How can I eat healthier DINING OUT?
- Just say no to appetizers that are battered, breaded, deep-fried or covered in sauces.
- Breakfast - Hot or cold cereals. Scrambled egg whites or egg substitute. Tomato slices instead of hash browns. Pancakes (without butter) and sugar-free syrup. Whole wheat toast dry (no butter).
- Chinese - Stir-fried vegetables. Hunan, Szechuan shrimp, or chicken. Avoid the beef, pork and deep-fried ingredients.
- Deli or Sandwich Shops - choose turkey or chicken (without skin) and mustard. Skip the mayo.
- Fast Food - Barbecue or grilled chicken breast. Ask for the mayo to be left off.
- Italian - Spaghetti with tomato or meat sauces. Linguini with red sauce.
- Mexican - Vegetable or chicken fajitas. Chicken or bean burritos and chicken tacos.
- Salads Anywhere - Watch out for what gets dumped on top. Cheese, meat, croutons and dressings can change a low-calorie meal into a high-fat disaster. Ask for the fat-free or light dressings and get them on the side.
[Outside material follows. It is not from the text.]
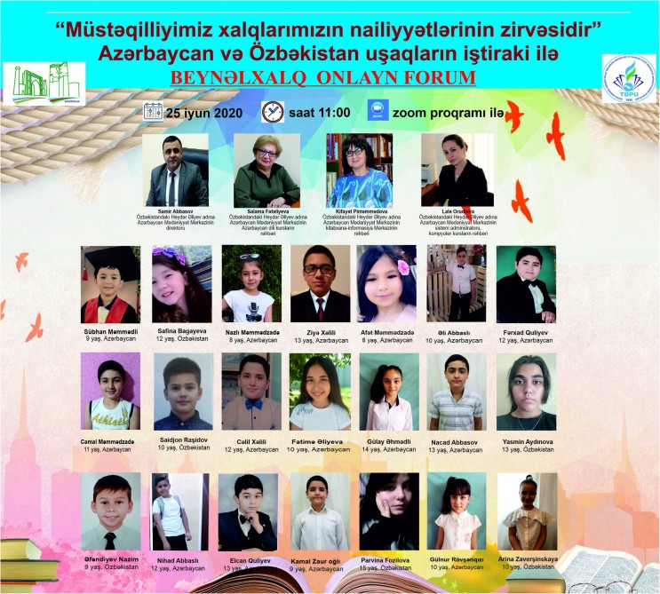 İyunun 25-də Özbəkistandakı Heydər Əliyev adına Azərbaycan Mədəniyyət Mərkəzinin (AMM) təşkilatçılığı, Azərbaycan və Özbəkistan uşaqlarının iştirakı ilə “Müstəqilliyimiz xalqlarımızın uğurlarının zirvəsi” adlı beynəlxalq onlayn forum keçiriləcək.

- Seafood Restaurants - Broiled or grilled fish and baked or steamed veggies are better than breaded and fried.
In the January 28, 2005 issue of Cell, scientists announced they had finally identified the mechanism that causes foods rich in saturated fats and trans-fatty acids to elevate blood levels of cholesterol and triglycerides and increase one's risk of heart disease and certain cancers.
Researchers led by Bruce Spiegelman, PhD at the Dana-Farber Cancer Institute made the breakthrough.
The report states that the harmful effects of saturated and trans fats are set in motion by a biochemical switch in liver cells called PGC-1beta.
Before this study, scientists were aware that saturated and trans fats caused increases in blood cholesterol and triglycerides but didn't know the mechanism behind it. By now knowing how it occurs, researchers can develop treatment options to reduce or even potentially reverse the negative effects.